Pershing wanted an American force that could operate independently of the other Allies, but his vision could not be realized until adequately trained troops with sufficient supplies reached Europe. Pershing established facilities in France to train new arrivals for combat. The AEF had landed in France in 1917 without field artillery or automatic weapons and had to turn to the French to complete its equipment. Particularly appreciated were the French canon de 75, the canon de 155 C modele 1917 Schneider and the canon de 155mm GPF. All three were eventually manufactured in the USA, beginning in mid 1918. American aviation units received the SPAD XIII and Nieuport 28 fighters and the US tank corps used the French Renault FT17 light tanks. The FT17 was also built under licence in the USA beginning late in 1918.

Following the U.S. First Infantry Division, three additional U.S. Divisions, including the 42th Infantry Division with its 69th Infantry Regiment, entered the battlefields in March 1918. The rest followed at an accelerating pace during the spring and summer of 1918. At the beginning, during early 1918, the few battle-ready U.S. divisions were deployed with French and British units to defend relatively quiet sectors of their lines. After the first AEF victory on the 28th of May 1918 at Cantigny, by the 1st U.S. Division, Pershing worked towards the deployment of a US field Army.

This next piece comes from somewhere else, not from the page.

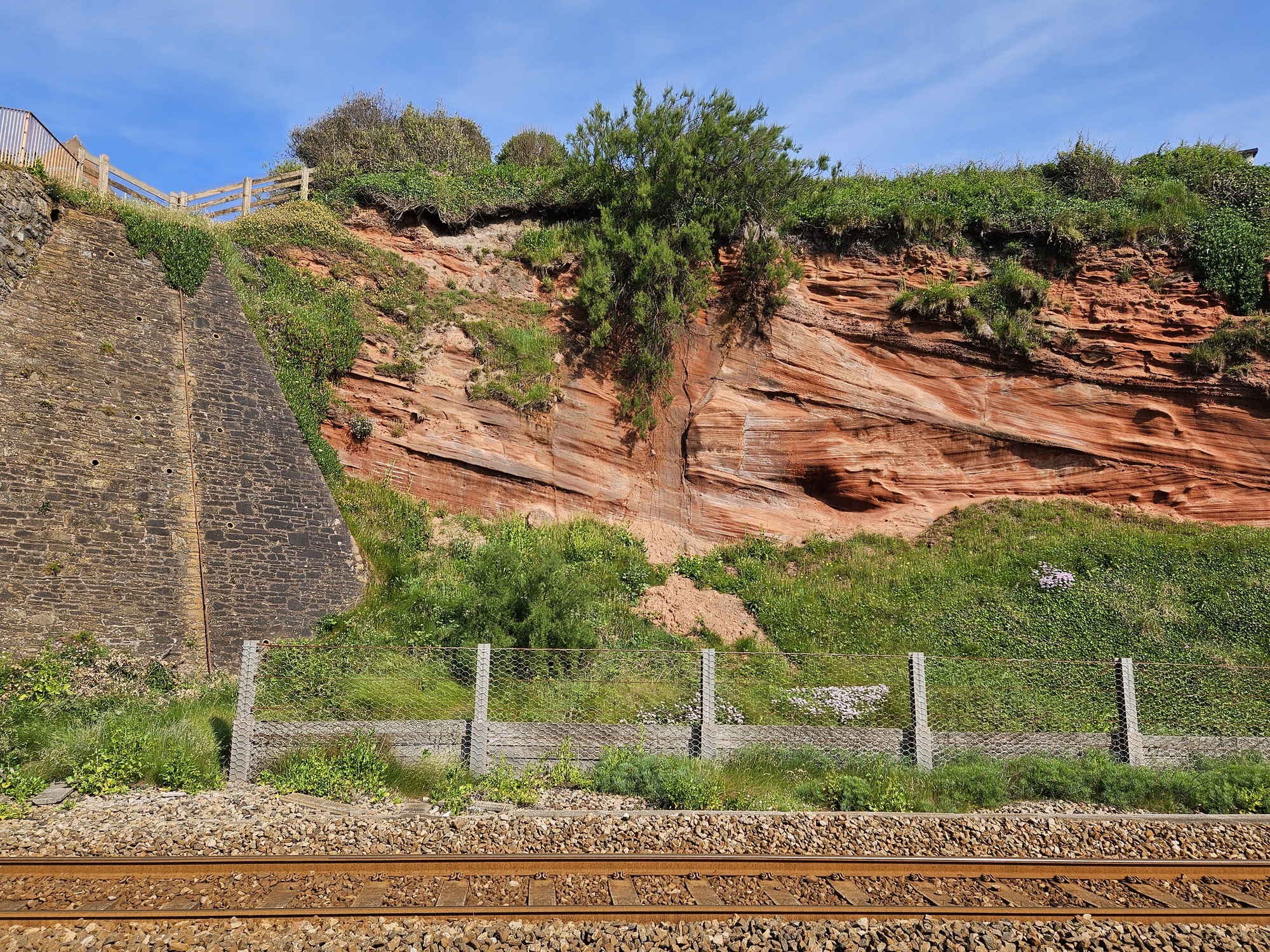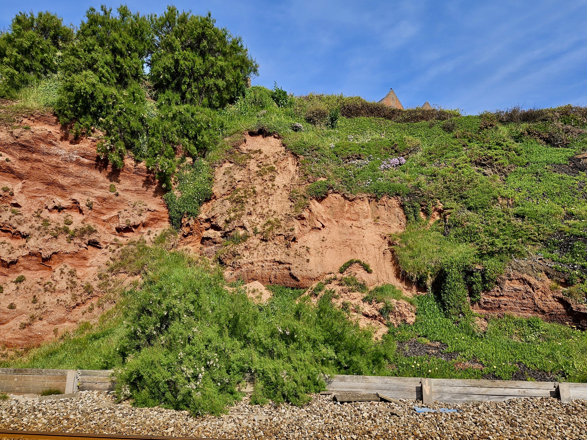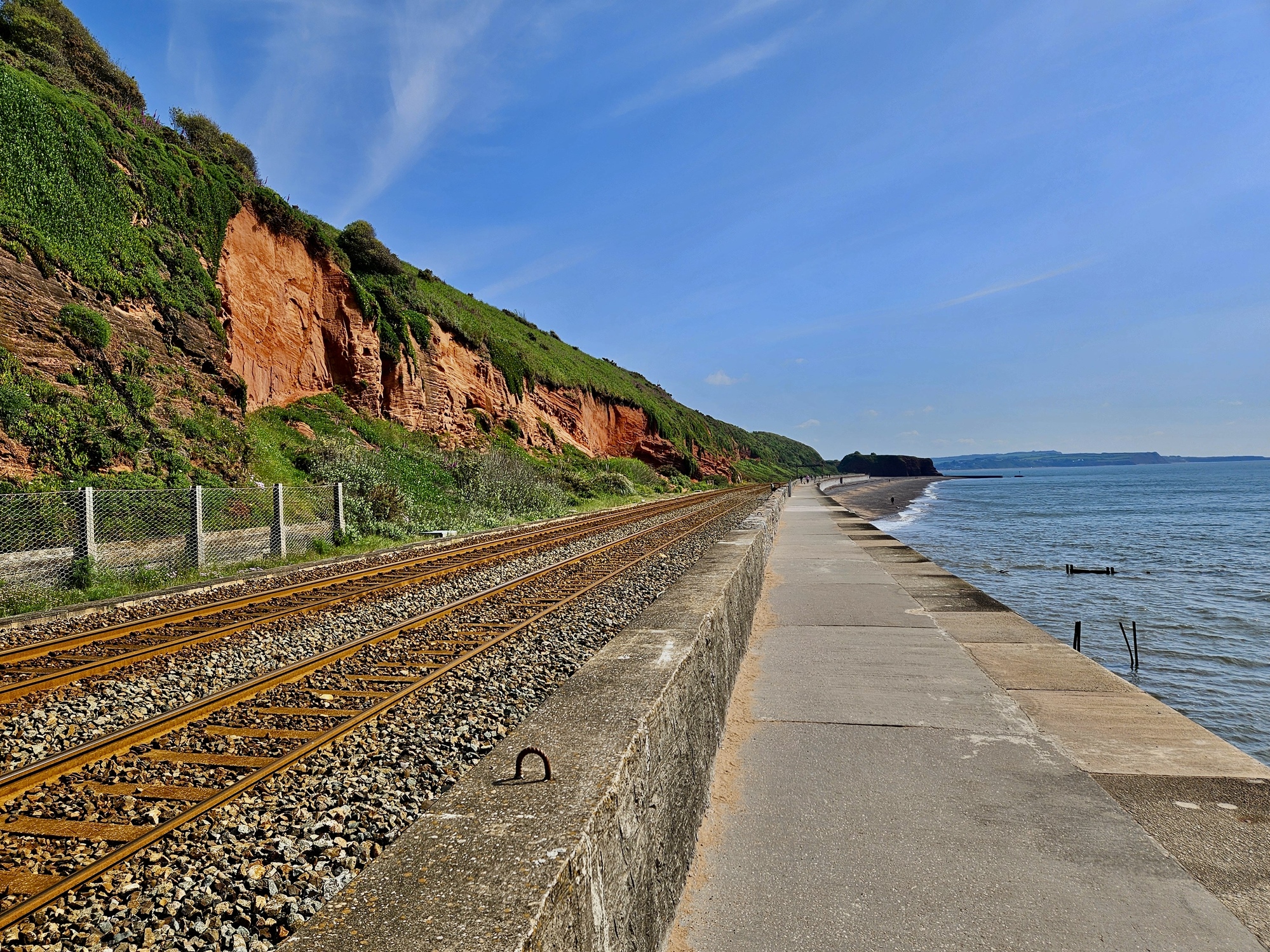 Later, Rachael will rave about how great those first two miles are, walking the Southwest Coastal Path east along the coast from Dawlish toward the mouth of the river. To the right she gets views of the English Channel, and to the left on the other side of the tracks are beautiful red cliffs. She takes a lot of photos here, which I’m especially pleased with because they’re views I won’t see myself when I bike down here because the bike route stays back from the coast on the other side of the cliffs.

US Army and Marine Corps troops played a key role in helping stop the German thrust towards Paris, during the Second Battle of the Marne in June 1918 (at Chateau-Thierry and Belleau Wood). The first major and distinctly American offensive was the reduction of the Saint Mihiel salient in September 1918. During the Battle of Saint-Mihiel, beginning September 12, 1918, Pershing commanded the American First Army, comprising seven divisions and more than 500,000 men, in the largest offensive operation ever undertaken by United States armed forces to date. This successful offensive was followed by the Meuse-Argonne offensive, lasting from September 26 to November 11, 1918, during which general Pershing commanded more than one million American and French combatants. In these two military operations, Allied forces recovered more than two hundred square miles (520 km²) of French territory from the German army. By the time the Armistice had suspended all combat on November 11, 1918, the American Expeditionary Forces had evolved into a modern, combat-tested army.Many future US military leaders, such as George Patton and Douglas MacArthur, were veterans of the AEF.